GENERIC 12-BIT REGISTER (MAR)
The next item that needs to be constructed is a generic 12-bit register with a 3-state SEND line. While LogicWorks does not have a handy one, one can easily be constructed with the available pieces as follows:
This generic 12-bit register wears many hats, such as MAR (Memory Address Register) and PC (Program Counter). We need to create a system where during the clock's first subcycle (SC0) PC passes its contents to MAR. Up until this point, we do not need them to be different from each other. That is, we just need two 12-bit registers to pass information from one to the other via the 16-bit bus when the clock ticks. However, as the main program counter, the PC has to have some added functionality. We must add to it the ability to increment its information with each clock tick. Specifically, we want PC to increment its contents by 1 on the clock subcycle immediately following the passing of the information to the MAR, i.e. SC1, or the second subcycle.
To do this, we need to construct a PC+1 register. Obviously, it will be based on the generic 12-bit register (PC), but the functionality we need from the PC+1 means we have to add some pieces to it. Before we get to the point where we can offload the incrementing portion of this to the ALU (to be constructed much later), we can use something more basic to perform this for us. A full adder comes to mind. We can construct a full adder from several half-adders, as follows:
BASIC HALF-ADDER
COMBINING 12 HALF-ADDER DEVICES
We want the generic 12-bit register at the core of this PC+1 device to be able to send out its information (but only at our behest) as well as to loop its own information back to itself (incremented by 1). We therefore need to wire the output of the 12-bit to a 3-state buffer that holds it until we say SEND. Meanwhile, we split the output lines of the generic register to go to our full adder, which will take the 12 bits of information, add 1 to it, and send it back to the 12-bit register via some MUX devices.
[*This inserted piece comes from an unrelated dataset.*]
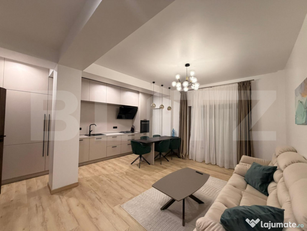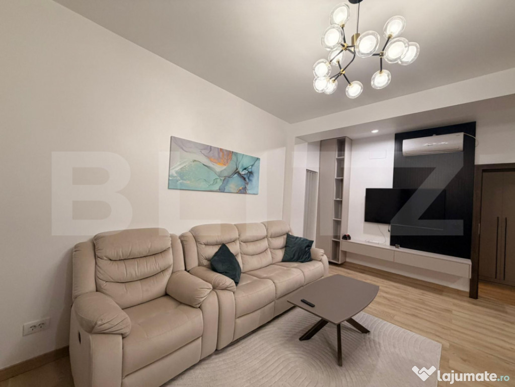 Blitz propune spre inchiriere un apartament spațios și luminos situat în cartierul Brazdă, în apropiere de restaurantul Roca, într-o zonă liniștită și foarte accesibilă. Apartamentul se află la etajul 1 al unui bloc nou, construcție 2024, cu doar 3 etaje, și beneficiază de loc de parcare privat.Cu o suprafață utilă de 80 mp, locuința este complet mobilată și utilată modern și este compartimentată astfel:
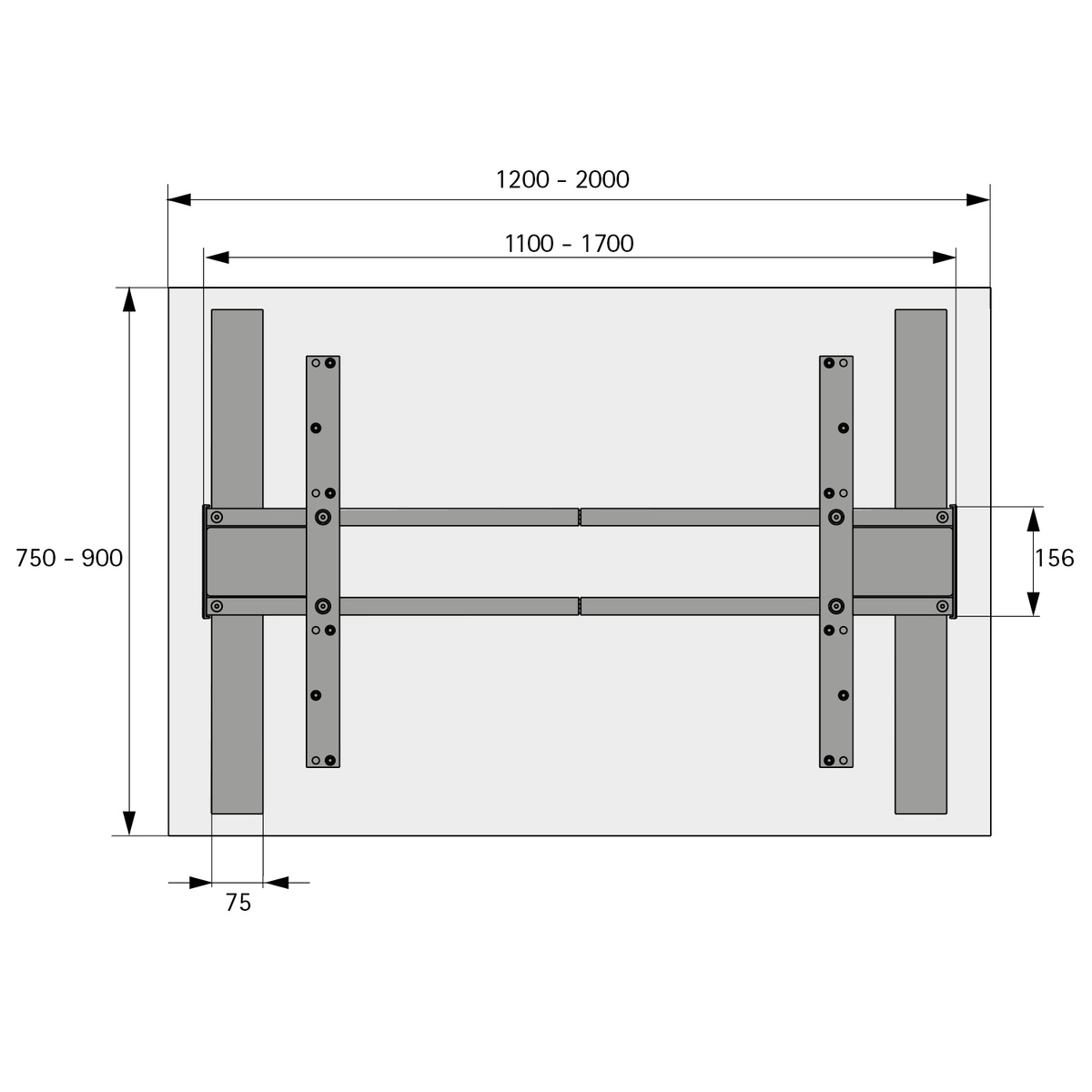 - ширина 1200 - 2000 мм - Регулювання по висоті від 625 - 1285 мм

Thus modified, the register can accept an ADD1 command. When the mysteriously named MUX_S0 line receives a signal, the internal 12-bit register is incremented by 1, as is the overall Program Counter device. We represent this as:
PC=PC+1
We will call this configuration of PC+1 and MAR (connected via a 16-bit bus) our SKELETAL PROCESSOR. (PC -> MAR will occur at subcycle 0.)
In order to upgrade our skeletal processor, we need to create a basic 16-bit register we will call IR, or Instruction Register:
Now we can create a PROM, or Programmable Read-Only Memory device. A PROM can be created and recreated to store a sequence of commands to be executed by the processor.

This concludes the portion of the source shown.